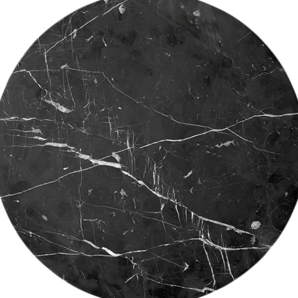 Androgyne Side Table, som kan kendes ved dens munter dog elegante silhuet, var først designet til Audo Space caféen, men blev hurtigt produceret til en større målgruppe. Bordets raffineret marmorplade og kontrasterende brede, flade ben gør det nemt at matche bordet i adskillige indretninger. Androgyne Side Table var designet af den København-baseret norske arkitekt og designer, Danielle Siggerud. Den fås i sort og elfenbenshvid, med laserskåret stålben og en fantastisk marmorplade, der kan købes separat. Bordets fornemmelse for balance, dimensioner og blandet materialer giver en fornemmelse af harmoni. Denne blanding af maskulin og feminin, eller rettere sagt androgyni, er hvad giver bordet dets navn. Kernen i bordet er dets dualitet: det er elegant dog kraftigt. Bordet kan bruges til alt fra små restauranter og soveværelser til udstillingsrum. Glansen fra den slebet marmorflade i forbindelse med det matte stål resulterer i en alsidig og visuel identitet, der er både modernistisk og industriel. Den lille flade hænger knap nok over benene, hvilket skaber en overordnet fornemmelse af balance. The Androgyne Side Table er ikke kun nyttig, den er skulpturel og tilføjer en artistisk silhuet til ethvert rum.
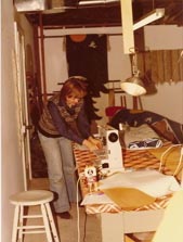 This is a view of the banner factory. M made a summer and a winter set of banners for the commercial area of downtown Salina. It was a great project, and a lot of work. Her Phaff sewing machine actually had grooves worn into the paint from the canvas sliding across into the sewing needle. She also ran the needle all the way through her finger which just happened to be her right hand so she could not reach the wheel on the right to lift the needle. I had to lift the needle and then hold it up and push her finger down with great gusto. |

---

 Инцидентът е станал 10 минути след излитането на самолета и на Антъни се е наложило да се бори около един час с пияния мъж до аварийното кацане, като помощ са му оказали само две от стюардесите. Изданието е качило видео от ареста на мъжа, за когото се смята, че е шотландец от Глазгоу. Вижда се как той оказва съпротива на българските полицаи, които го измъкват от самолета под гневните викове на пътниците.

# PROBLEM DESCRIPTION:
The expected output is the lines above from the one containing "Androgyne Side Table, som" to the one containing "This is a view", both ends included, reproduced exactly with every picture left out.

# RESULT OF THIS TASK:
 Androgyne Side Table, som kan kendes ved dens munter dog elegante silhuet, var først designet til Audo Space caféen, men blev hurtigt produceret til en større målgruppe. Bordets raffineret marmorplade og kontrasterende brede, flade ben gør det nemt at matche bordet i adskillige indretninger. Androgyne Side Table var designet af den København-baseret norske arkitekt og designer, Danielle Siggerud. Den fås i sort og elfenbenshvid, med laserskåret stålben og en fantastisk marmorplade, der kan købes separat. Bordets fornemmelse for balance, dimensioner og blandet materialer giver en fornemmelse af harmoni. Denne blanding af maskulin og feminin, eller rettere sagt androgyni, er hvad giver bordet dets navn. Kernen i bordet er dets dualitet: det er elegant dog kraftigt. Bordet kan bruges til alt fra små restauranter og soveværelser til udstillingsrum. Glansen fra den slebet marmorflade i forbindelse med det matte stål resulterer i en alsidig og visuel identitet, der er både modernistisk og industriel. Den lille flade hænger knap nok over benene, hvilket skaber en overordnet fornemmelse af balance. The Androgyne Side Table er ikke kun nyttig, den er skulpturel og tilføjer en artistisk silhuet til ethvert rum.
 This is a view of the banner factory. M made a summer and a winter set of banners for the commercial area of downtown Salina. It was a great project, and a lot of work. Her Phaff sewing machine actually had grooves worn into the paint from the canvas sliding across into the sewing needle. She also ran the needle all the way through her finger which just happened to be her right hand so she could not reach the wheel on the right to lift the needle. I had to lift the needle and then hold it up and push her finger down with great gusto. |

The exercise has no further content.